Sure, it’s summer. Time for picnics and vacations. (Or maybe not this year.) Here’s one thing I know about this time we’re in now: There’s a difference between the time you set aside for pleasurable activities and the time you have off because you don’t have the work you planned for or were able to book.

So what do you do? I can always find a book to read, a video to watch, a new online class to take, or a webinar to watch. Some of this qualifies as continuing education and I participate in it happily. I think we all need to keep learning and employing what we learn in our training. However, I am, like many of the people I talk to, getting tired of watching webinars.

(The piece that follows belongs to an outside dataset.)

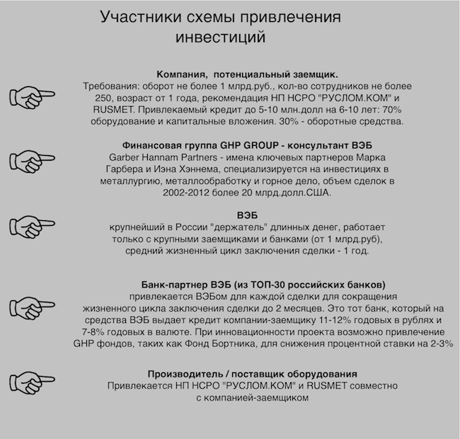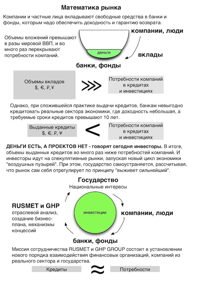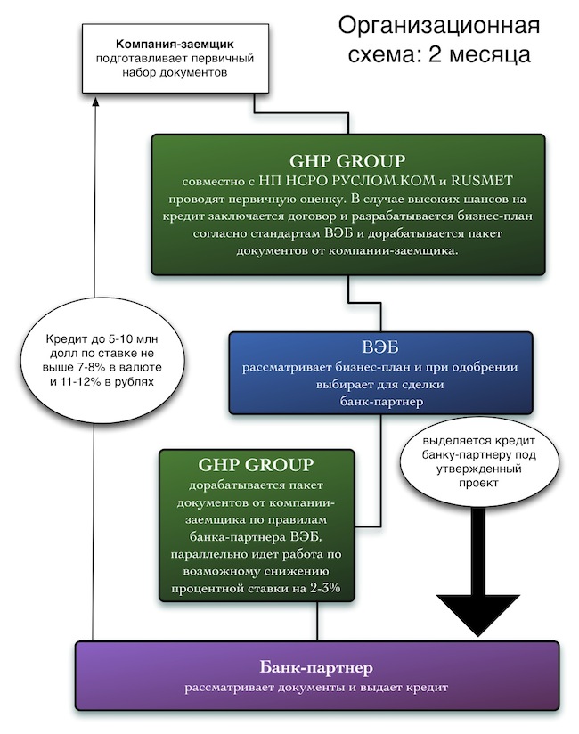 Металлургический портал Rusmet.ru (ООО «Интеллектуальные ресурсы») совместно с НП НСРО «РУСЛОМ.КОМ» (далее – «RUSMET») начинают сотрудничество с финансовой группой GHP GROUP (далее – «GHP») c целью привлечения инвестиций и кредитов в металлургическую отрасль, ломозаготовку, а также в сектора, связанные со сбытом и сервисом потребителей металлопроката. Суммы кредитов – от 10 до 200 млн. руб. RUSMET берет на себя обязательства по отбору компаний-заемщиков, а также функции независимого исследовательского центра для анализа рыночной ситуации в каждом из секторов или сегментов металлургии / металлоторговли и составления прогноза развития рынка, который затем используется GHP для составления индивидуального бизнес-плана для каждого из потенциальных получателей кредита по стандартам банка-кредитодателя. GHP берет на себя обязательства по консультационному сопровождению кредитной сделки: составление всей документации заёмщика согласно требованиям кредитодателя, участие во всех переговорах и встречах между заёмщиком и кредитодателем.

I find myself registering for what looks like an interesting presentation and then not attending because I just don’t want to click on another link.

I have books on my shelf that I’ve wanted to read for some time that are waiting for me to pick them up and start or continue reading. I find references to new titles as I read articles and I quickly reserve them at the library for pick up. As time goes on, I begin to feel bad about not reading these books despite having the time to do so.

Instead of feeling bad about not utilizing my time well, I’ve employed a few tactics to keep me engaged and working toward my goals. Here are my ideas for ways to stay working when you’re not:

  • Make a Schedule: I look at my week overall and determine when I will do what each day. I have my previously scheduled appointments, my “business development” time, and regular calls and video conferences. I also create a “top five” list of things to do most days. These keep me on task and working. I schedule my reading and exercise time to ensure that I do these important activities. I love to read, but I often feel guilty about taking the time to sit and read a book. Sometimes I listen to audiobooks while I exercise or do other tasks and then I feel very productive!
  • Say No: Sometimes you just can’t add anything else to your load. It might seem like you have a lot of time to take on another task, but really, can you? I ask myself this every time I see an announcement for an interesting meeting to attend, webinar to watch, or group to join. Sometimes the best response is to say no and focus on the things you really want to do.
  • Practice: For those of us who earn our living teaching and training others, if you’re not in a classroom teaching or presenting online, it may seem like you have nothing to do. Use the time to practice your delivery. If you update course content regularly, you’ll need to spend some time updating your presentation of the material. Find a room and practice. When I moved classes online, I updated the courses to reflect the difference between presenting online vs. in a classroom. Then I fired up Zoom and practiced a bit. Don’t forget to record yourself so you can review the results and continue to refine your presentation.
  • Commit to Learn: There are always new things to learn, but we might need to be choosy about what we commit to do. Where are the gaps in your knowledge? What would help you do your job better? There are likely online courses out there that can help you learn something new or deepen your understanding of a subject. I belong to the Training Magazine Network, and online, social learning community that sponsors webinars and courses for training professionals. I have found TMN to be a great source of information and assistance over the years.
  • Help Others: Sometimes you need to get out of your own head and help someone else. The shift in focus from your problems to someone else’s issues can bring about a clarity you wouldn’t otherwise have. Helping others can take many forms. I’m spending my summer leading a “squad” of women who are all members of the Ellevate Network. I act as a moderator for the group and coordinate our weekly online meetings. It’s not a lot of work, but it does feel good to help others.

These are just a few ideas that I have used to be more intentional about my time and my work this summer. It’s good to have time off to relax and play. It’s also good to use our time well so that we live well.